= The Gorskys =

Australian comedy team

The Gorskys are an Australian comedy team. They have performed on stage, radio, television and the internet. They are also the creators of GORSKYS.COMedy, one of the world's longest-running comedy websites (started in 1995).

== Lineup ==

Originally known as the Toasted Marshmallows (from 1992–1997), the Gorskys began performing after the founding members met at Monash University (Clayton) whilst performing in the Monash Players annual comedy review "Slimy Crappy People".

The original members were Liam Cody, Chris Tomkins, Jo Stanley and Samantha Stone.

Stone left in 1994 and was replaced by Barbara Joseph. Joseph left a year later.

Jo Stanley stopped performing with the Gorskys in 1999 when she began on Melbourne radio network, Fox FM.

Liam Cody died after a long battle with cancer on 28 August 2007.

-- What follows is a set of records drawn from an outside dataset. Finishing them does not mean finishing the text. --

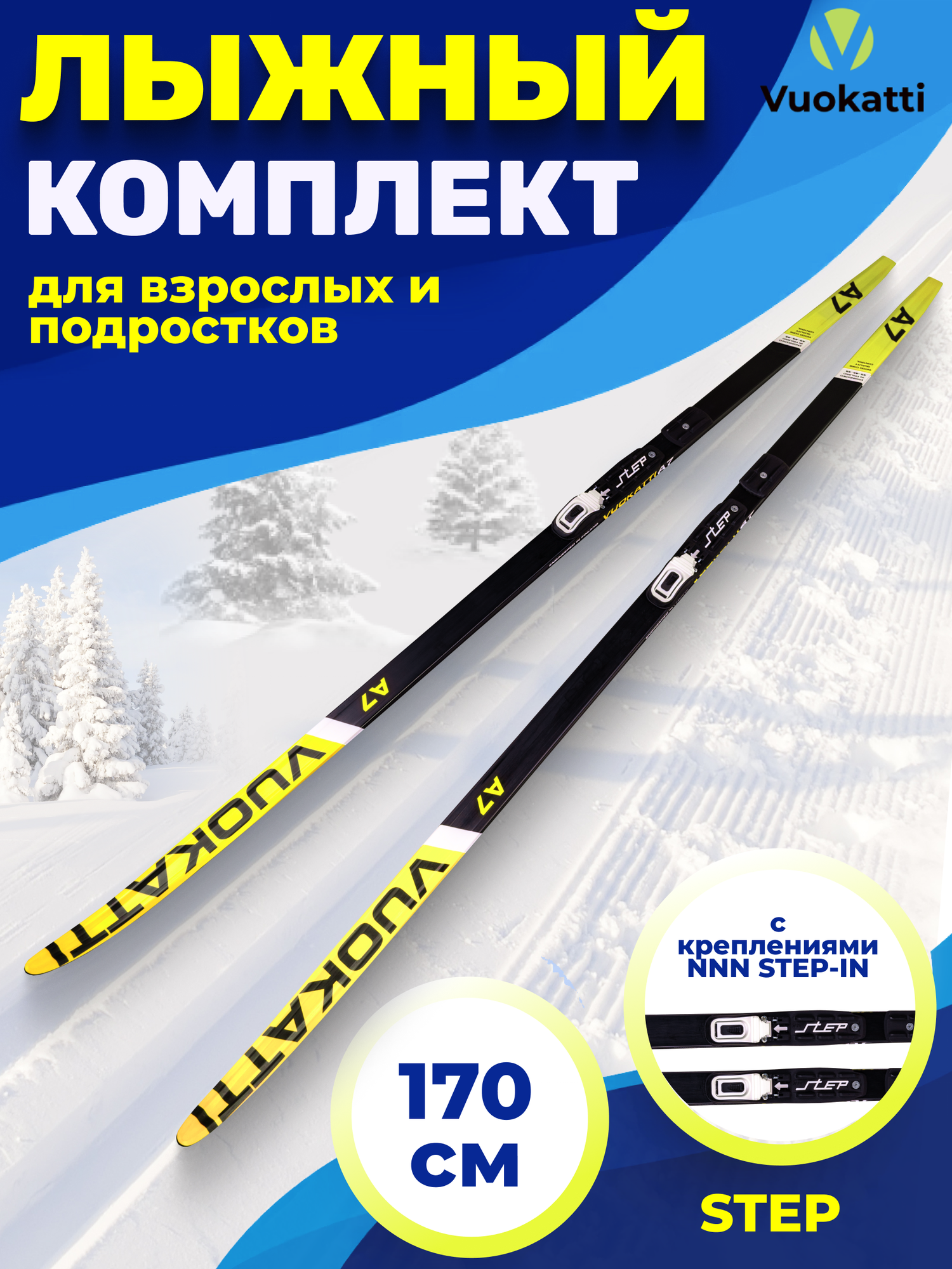 Купить Беговые лыжи VUOKATTI 170 см с креплением NNN Step-in (Step) Black Yellow без палок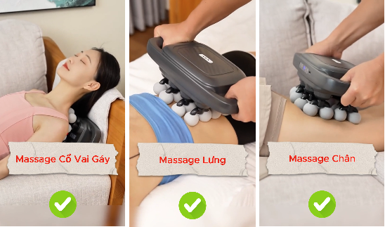 - Máy có 9 chế độ với 30 mức độ điều chỉnh thích hợp theo cơ của từng bộ phận khác nhau.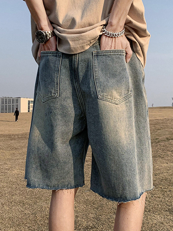 Shorts con cordón y dobladillo deshilachado lavado para hombre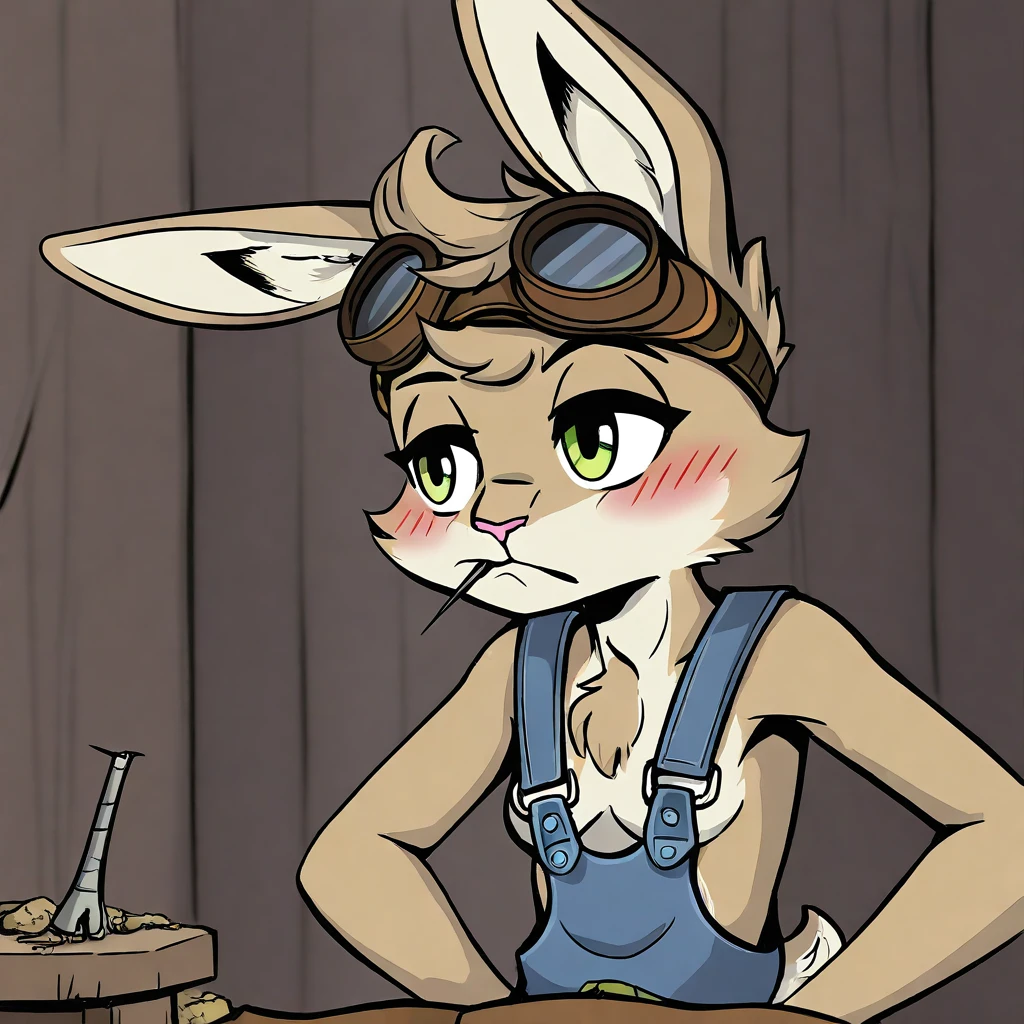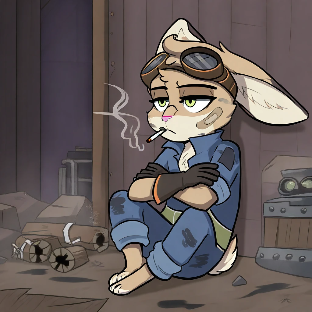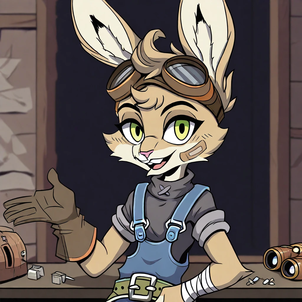 Rivals Outfit: goggles on head, band-aid, black overalls, blue jumpsuit, barefoot, rabbit tail

Chris Tomkins continued publishing the GORSKYS.COMedy website until 2015.

== Radio ==
The Gorskys wrote and performed sketches for independent radio, Melbourne's PBS-FM from 1993–95. They went on to write and perform sketches for ABC radio including a short series entitled "Taxi" in which the regular taxi driver characters would pick up and have a discussion with a bizarre passenger each episode.

== Online ==
GORSKYS.COMedy (born 1995)

In an effort to "make the internet funny", The Gorskys began their own website in 1995 on which they re-published numerous articles written previously for street press and other publications, and made available video and audio grabs from the sketches they had produced for radio and television. It also includes a "celebrity photos" section, in which Liam, Jo and Chris are pictured "photoshopped" into photos with celebrities.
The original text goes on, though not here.